For instance, during transport to an offshore rig, it may overheat
in a vessel tank while pending delivery. This often causes
undesired premature polymerization detracting from the objective of
utilizing the fluid mixture. The present invention includes
addition of an inhibitor to the fluid mixture to eliminate
premature polymerization, as well as, optionally an initiator to
counteract the results of the inhibitor once the fluid mixture is
encapsulated within the localized volume.
[0072] Representatively illustrated in FIG. 1 is an embodiment of
the present invention, wherein a localized volume is ready for
delivery of a prepared fluid mixture. Wellbore 10 has previously
been drilled into terrain 12 using drill string 40, and casing
string assembly 20, comprising at least two connected concentric
casing (22, 24, 26, 28), has already been installed. The oil rig
wellhead installation assembly including supporting means for
supporting the drill string 40, for installing the casing string
assembly 20, sealing the casing string assembly 20, and for
supplying the fluids to the wellbore 10, is not shown. In FIG. 1,
casing 22 is the largest diameter casing of casing string assembly
20 and hence was the first to be installed. Subsequent to
installation, casing 22 was sealed against the wellbore 10 by a
cement plug 30. Wellbore 10 was then drilled deeper and casings 24,
26 were correspondingly installed and sealed at or near one end
against the wellbore 10 by cement plugs 32, 34 respectively. In
addition to sealing casings to the wellbore, cement plugs may also
bond the casings to adjacent concentric casings. Hence in addition
to sealing to the wellbore 10, cement plug 32 bonds casing 24 to
casing 22 and cement plug 34 bonds casing 26 to casing 24.

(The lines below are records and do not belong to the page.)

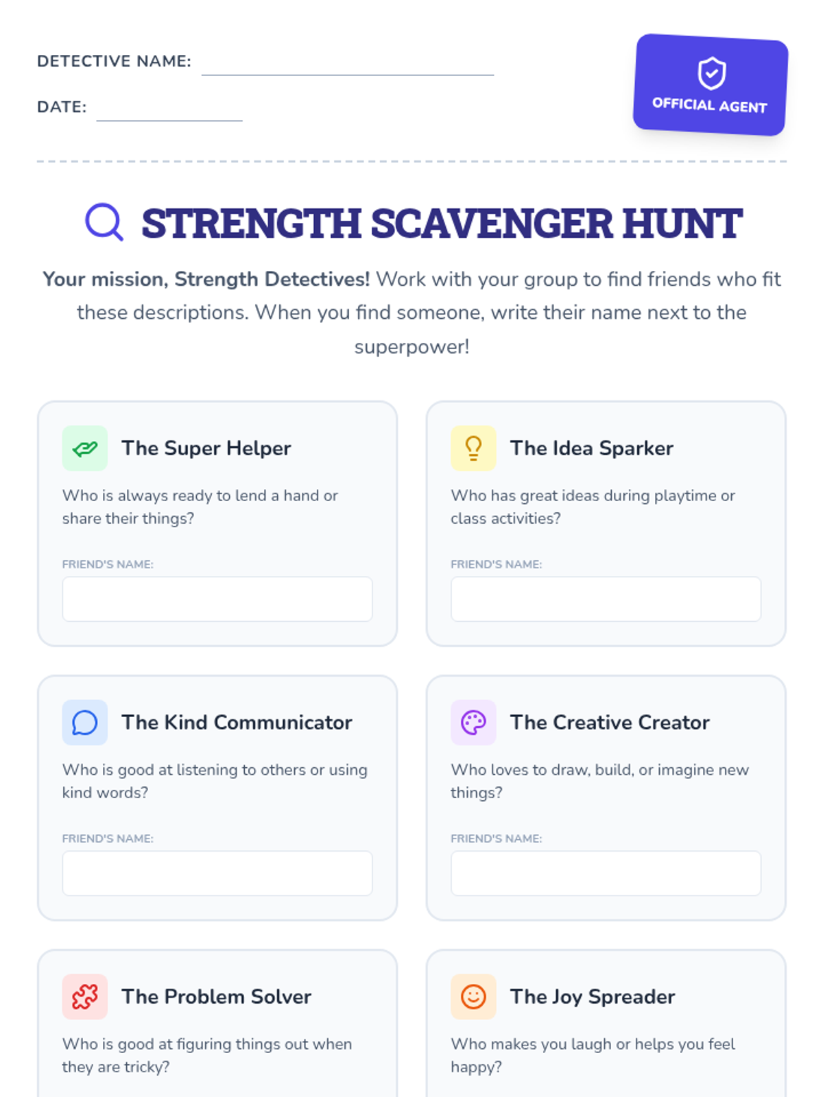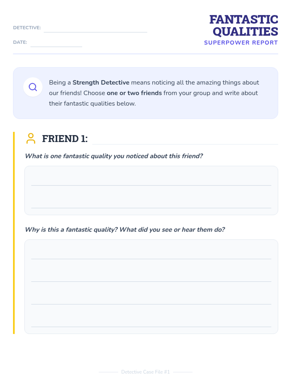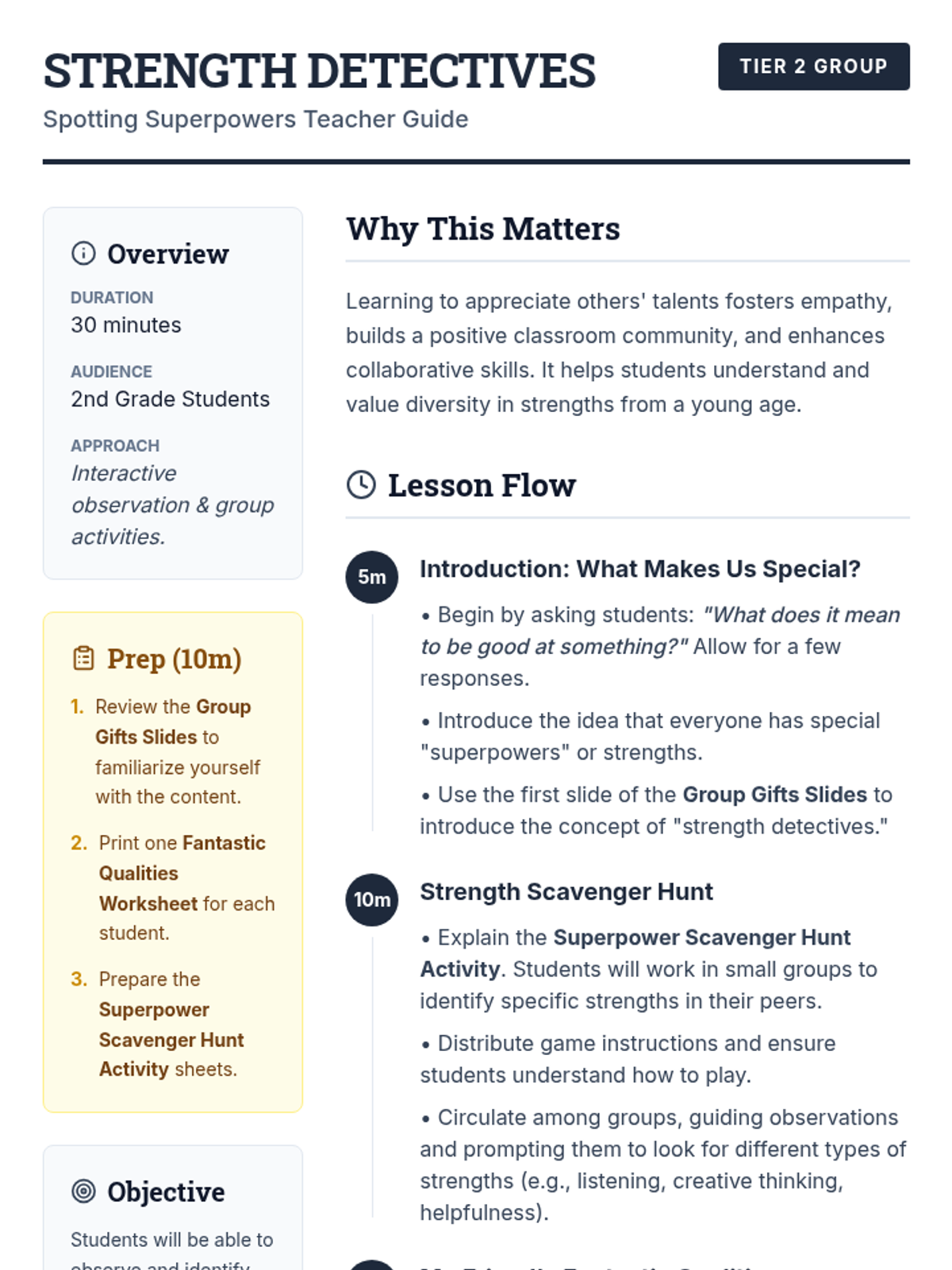 A small group lesson for 2nd graders to help them observe and recognize the unique strengths and positive qualities in their peers, fostering empathy and collaboration.
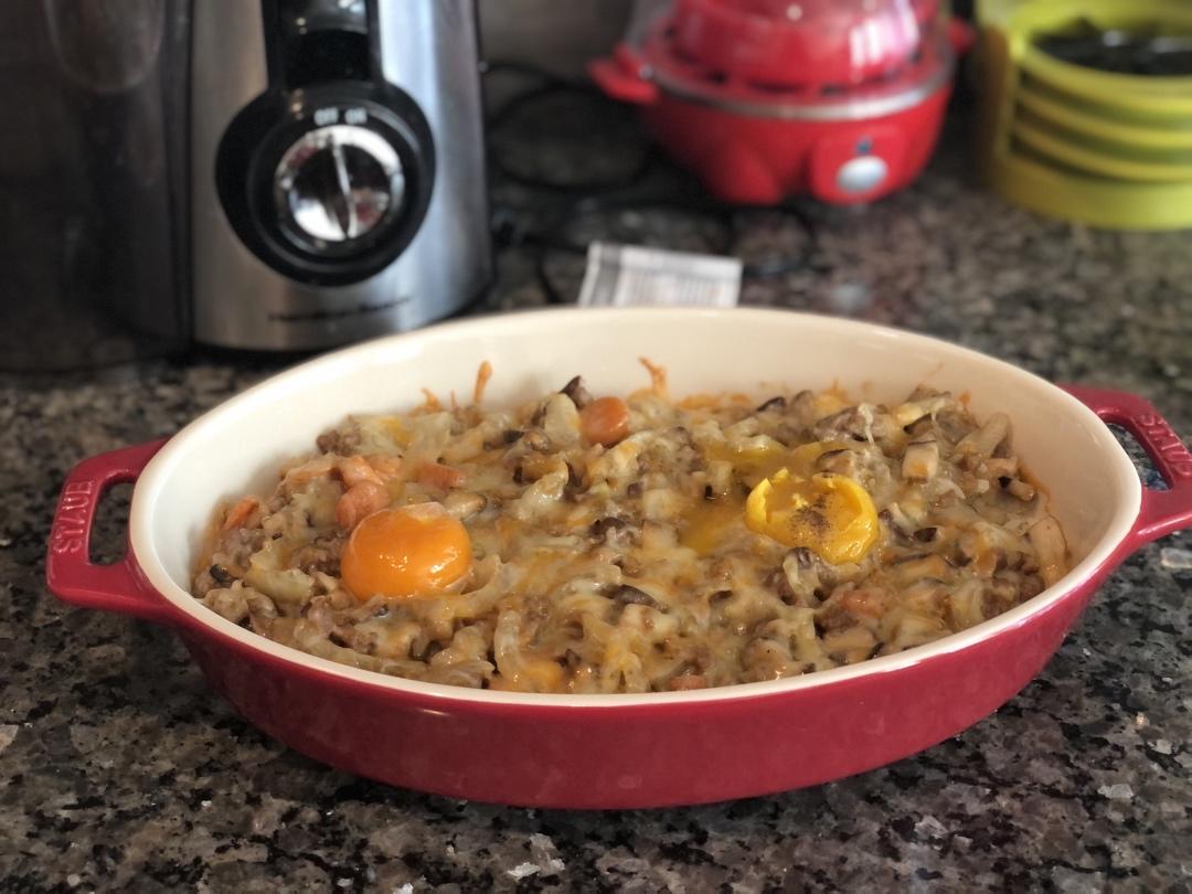 哈哈,家里剩的蘑菇,洋葱,肉末,咖喱,都消灭掉了😝昨天才收到的烤盘,好美,迫不及待地用上了,感觉我买东西还是会为颜值买单...
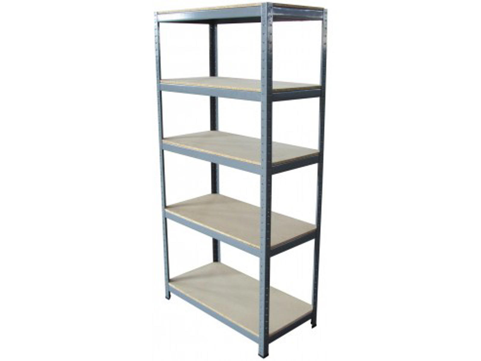 Steel rack 1.4 mm steel with 5 adjustable wooden shelves, 175 kg per shelf. H.180 x W.90 x D.40, weight 36.3 kg.
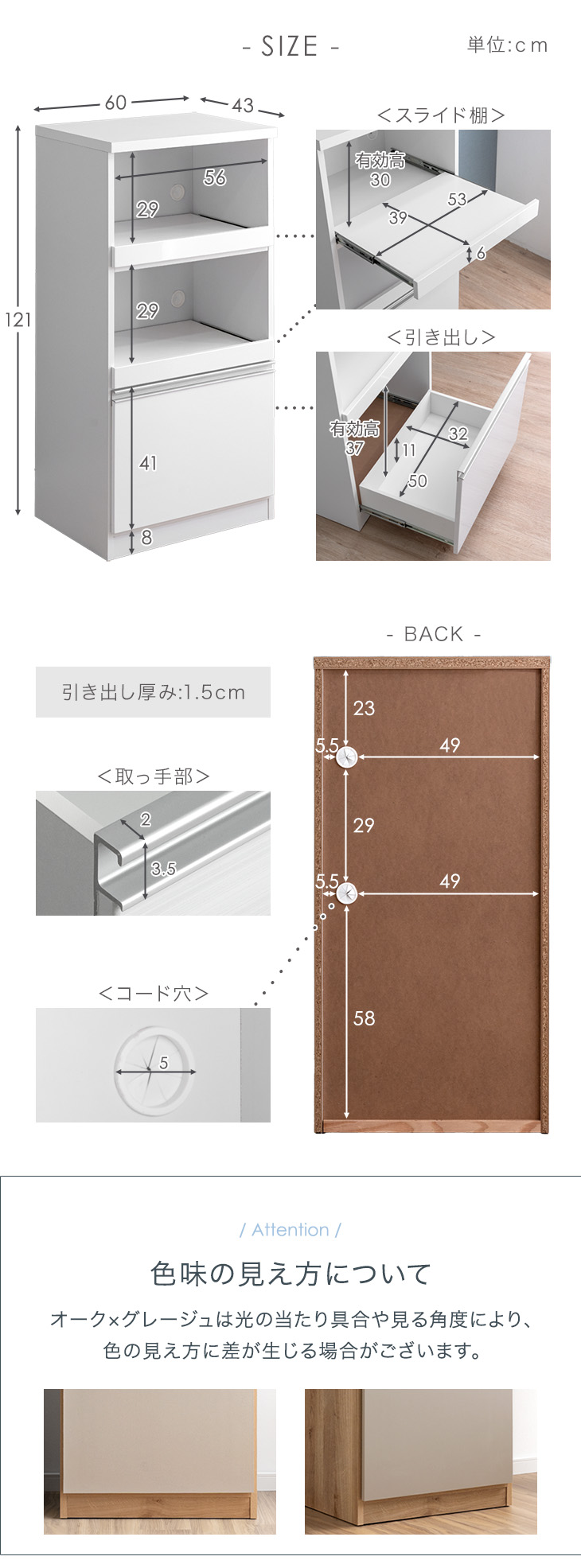 外寸:幅60x奥行43x高さ121cm

[0073] Particular attention is now directed to casing 28, which has
been installed to extend in close proximity to wellbore terminus 14
such that there is a gap 18 in between wellbore terminus 14 and
casing end 36 of casing 28. It is clear that terminus 14 may be
temporary, such that the wellbore may be drilled deeper once casing
28 is intact. Alternatively, casing 28 may extend to the final
target depth and the wellbore 10 will not be drilled deeper prior
to when production commences. A localized annular volume 50,
confined by the inside surface of casing 26 and the outside surface
of casing 28, is filled with a fluid. Typically this fluid is
present within the wellbore volume 16 when casing 28 is installed
and may comprise one or more fluids, such as drilling fluid or
completion fluid, depending on the circumstances of the drilling
operation. Regardless, the properties of the fluid within the
annular volume 50 are selected to meet the needs of the wellbore
drilling operator and can be considered a standard incompressible
fluid such that the density of the fluid essentially remains
constant during thermal and pressure fluctuations. Thus, when the
fluid is confined to a particular volume a temperature increase of
the fluid generates a corresponding pressure increase as the
specific volume negligibly changes. Fluid may freely pass in
between annular volume 50 and wellbore volume 16 via the gap 18
beneath casing end 36 of casing 28. The opposing end of the annular
volume 50, designated by 52, is in fluid communication with
wellhead installation assembly (not shown), such that fluids
exiting annular volume 50 may be recovered. For instance, drilling
fluid or mud might be retrieved and passed through a filter to
remove separated rock content such that it may eventually be
recycled back to the drill bit for future drilling.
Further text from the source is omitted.